The retirement plan will pay her a fixed amount every month after her retirement until her 95th birthday.
Why should Taylor do this instead of just keeping her cash in a checking account?
How can a pile of money pay a ‘salary’ for 30 years without running dry?
Part (a)
A regular checking account pays almost no interest (often well below 1% per year), so any money you leave there barely grows and in fact loses value due to inflation.
In contrast, Taylor’s retirement plan grows at about 7% each year, so her contributions add up and compound over 40 years to create a much larger fund.
Keeping cash in her checking account would leave her with considerably less at age 65 that she would be able to withdraw over the next few decades.
Part (b)
The reason a lump sum can “pay” a fixed monthly amount for 30 years without ever running dry is exactly the reverse of how it was built up: the money stays invested to grow at 7% annually, so even as you withdraw a “salary,” the remaining balance continues to earn interest.
In the compounding section, we learned how each contribution earns interest on itself over time, causing the value of the account to “snowball.”
In retirement, that same snowball effect works in reverse:
Each month of retirement, the fund first earns interest on whatever is left.
You then withdraw your “salary.”
The interest portion of the withdrawal is simply the fund’s earnings, and the rest comes out of the pile itself.
Because the retirement plan sets the monthly paycheck to exactly the right size, each month’s interest helps cover part of that check, and only the rest comes out of the savings pile.
The "pile" shrinks slowly and predictably—just enough each month—so that after the last of the checks is written, the balance is exactly zero.
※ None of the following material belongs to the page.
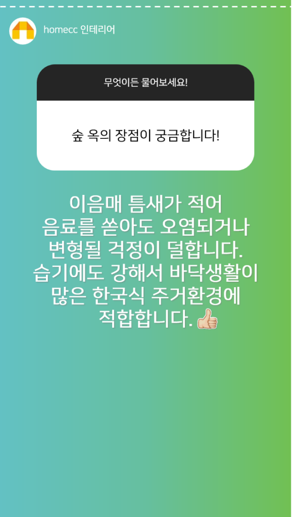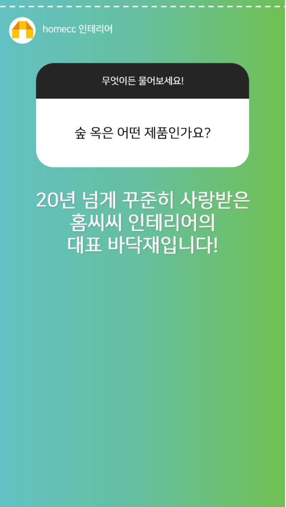 홈씨씨 인테리어가 친환경 바닥재 ‘숲 옥’을 리뉴얼하고 SPC 마루 ‘이지스스트롱’을 신규 출시하며 바닥재 라인업을 강화했다. 이를 기념해 ‘숲 옥’과 ‘이지스스트롱’에 관한 무물(무엇이든 물어보세요!)를 진행했으니, 다들 집중!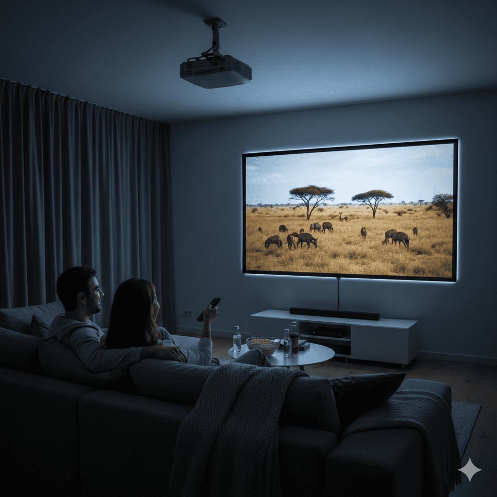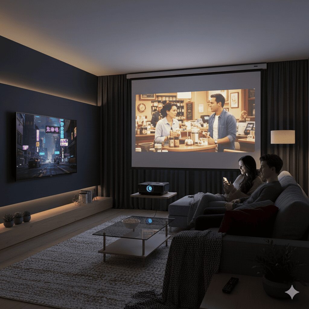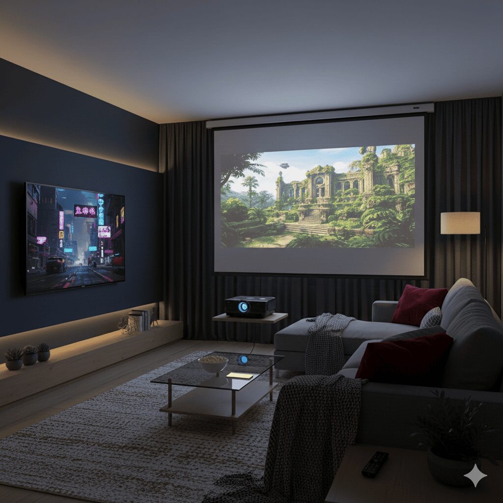 最近、ミニマリストやホームシアター愛好家の間で**「プロジェクターをテレビ代わりに」**するという選択が急速に広まっています。テレビの黒い画面がインテリアを邪魔することもなく、必要な時だけ壁一面に映像を映し出すスタイルは、現代のライフスタイルに非常にマッチしています。

No money is left on the table, and the fund never runs out early.
Taylor's retirement account (once she has retired) is an example of an annuity.
An annuity is a type of account that a person can live off when they retire. They make regular withdrawals, and the interest on the account allows the money to last longer. The money in an annuity account is often built up over a lifetime of saving and compounding, but it can also be deposited in a lump-sum.
Effectively, an annuity is the reverse of a loan. Instead of the bank lending you money, you lend the bank money, and they make regular repayments back to you over time.
Take a look at the graphic below to see what a full financial future might look like: with consistent saving, retirement, and an annuity account that pays out until some set age.
Powered by Desmos
Discussion
What do you notice from the interactive above? Do you see any benefits that might arise from an annuity account? How might this influence your financial plans in the future?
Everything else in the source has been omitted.